He looks west to where the clearing should be but the horizon is gone, swallowed by snow. The ship’s iron hull, forty-eight millimeters thick, groans against the fresh ice. He cups his hands together and blows into them, then straightens his sunglasses.
The south-west passage should be open – it’s usually open – even this early in the season. And the Halvljus has opened this very route dozens of times before. Palms sliding down his gray-blonde beard, he recalls the first time he made the trip, as second navigator, seventeen years before. It was the peak of the oil crisis, and the ship’s radio was tuned to the state broadcasting service every morning for scratchy snippets of the latest news.
Now Ryuikssen comes with news of the Finnish breaker, Kontio, sent to pull them out. She’s delayed south of Negerpynten; running too light, it seems.
“And what about Andres?” he asks.
“Fine,” Ryuikssen says. “In quarters, recovering.”
“And the girl.”
Ryuikssen looks down. His blonde hair is thinning at the top and his lips are chapped to white.
“I don’t know,” he says. “She’s talking but no one understands.”

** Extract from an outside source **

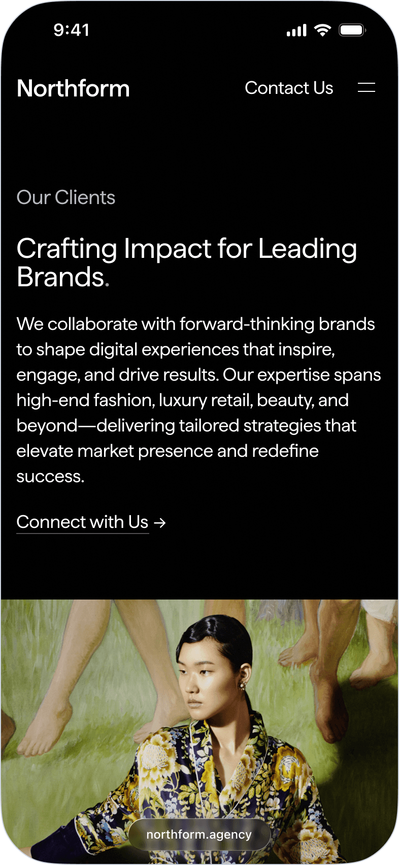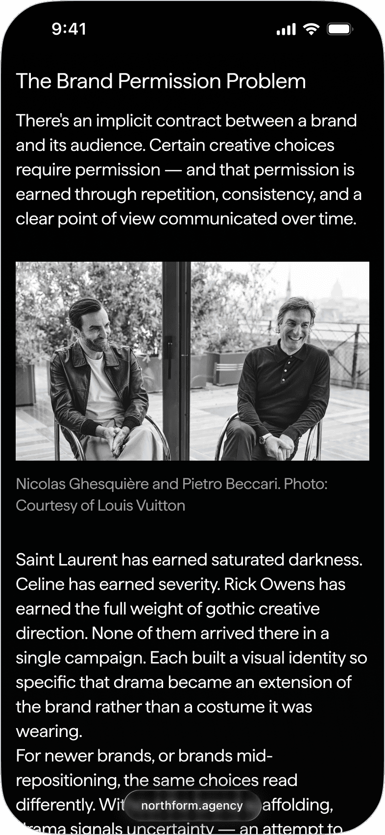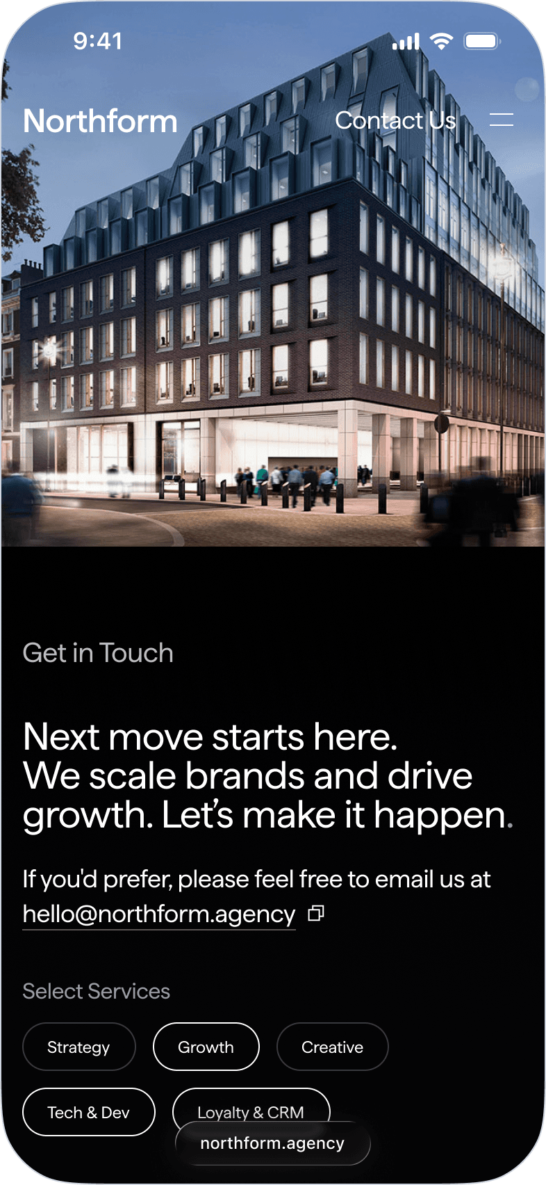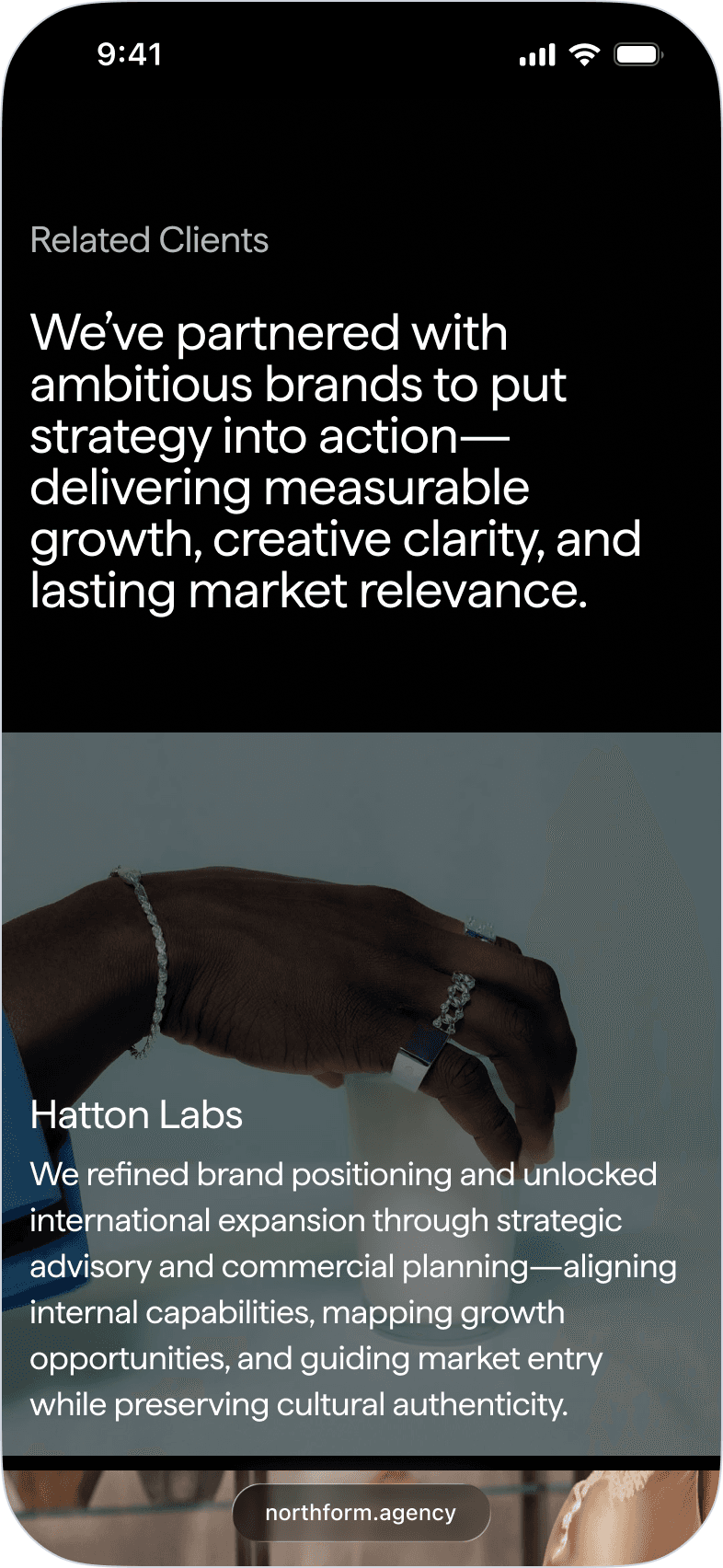 Northform is a digital agency working with premium and luxury brands — Wandler, Frescobol Carioca, Joseph, 111Skin, Aspinal of London, Molton Brown, DITA. The kind of clients who expect the agency's own presence to match the standard of the work it delivers for them.

The captain of the Halvljus turns his head, cracks his neck to the right, then the left, heaves his chest and sighs. Three weeks ago he left Maarit and the baby in Luleå. It had been early morning when they went out, and from the pier he could see the cathedral spire covered in frost; the city beginning to light up behind it. The baby was wrapped up so tightly only her face showed, and Maarit, her hair pulled back, looked upset.
He didn’t know what was wrong. He thought to ask her in the car on the way over, but couldn’t bring himself to do it. Instead he stared out the window, watched the refinery lights go by. When they reached security he gave her his badge to show the guard. In the side mirror he saw the baby’s pinched face and then reached behind awkwardly to hold her mitted hand.
“I’m pregnant,” Maarit said now, looking away, and then directly into his eyes. “I’m pregnant again.”